In the other semi-final a different sort of hero was created. Mascherano kicked, slid, tackled and battled the Dutch through to penalties. He was magnificent throughout and capped his night with a diving block on Arjen Robben which he should never have been able to make until he actually did. It highlighted the hidden side of the World Cup. For every Neymar, Messi, Robben and Moller there had to be a Gustavo, Mascherano, de Jong and Schweinsteiger. Against Costa Rica, Dutch manager Louis Van Gaal substituted his goalkeeper in the last minute and was proclaimed a tactical genius when Krul saved a couple. Presumably the headlines changed when he ran out of substitutions to let Argentina through on this occasion.

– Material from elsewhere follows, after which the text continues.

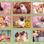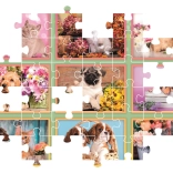 Kollázs rengeteg kiskutyával (és kiscicával) virágok között, amely elbűvöli az állatkedvelőket, és összerakás után díszíti bármely gyerekszobát.
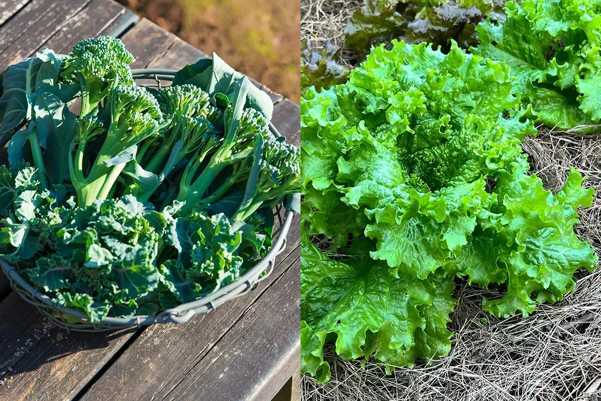 茎ブロッコリーとリーフレタスの混植で害虫対策!草と生き物たちの営みを味方につける、里山菜園の工夫とは?記事みんなの趣味の園芸。

It all set up a final which befits the stage. The Brazilians all donned Germany shirts to try and ensure their great rival wouldn’t add another star above their badges while Argentina attempted a mass migration to restore the balance. The sight of the Christ the Redeemer floodlit and looking down benignly on the huge Maracana saucer was magnificent. It seemed to depict the little known eighth day when God created football. The match itself was as expected. A drubbing was never on the cards. There were chances for Higuain and Messi while the Germans slowly built up a head of steam. The Argentines gradually slowed down to a walking pace while Schweinsteiger and Lahm kept battling. The game went to extra time before the heavily-manicured tousle-haired and shiny Goetze took a cross on his chest and, without it hitting the floor, volleyed it past the keeper. It was a fitting way to finish a great tournament which highlighted that all the glamour, egos and money are best reserved for selling t-shirts. Hard work, practice and team spirit win World Cups. It was great to see Neuer win the Golden Gloves award – a man who hated conceding the single goal in the 7-1 semi final win. Good too for James Rodrigues from Colombia to win the top scorer award. Once the final whistle had blown though there were a couple of reminders of what is wrong with the game.
Firstly the sublime and modest Lionel Messi was non-plussed to be awarded the Golden Boot for player of the tournament. The technical panel in their wisdom, not swayed at all by commercial interests, decided that he was the best player on show.
Less surprisingly Sepp Blatter found a way of ridiculing the selection process for World Cup hosting. He criticised the tournament in Brazil for not doing enough on diversity and homophobia. Thanks to his selection process Russia and Qatar will right that wrong! You couldn’t make it up.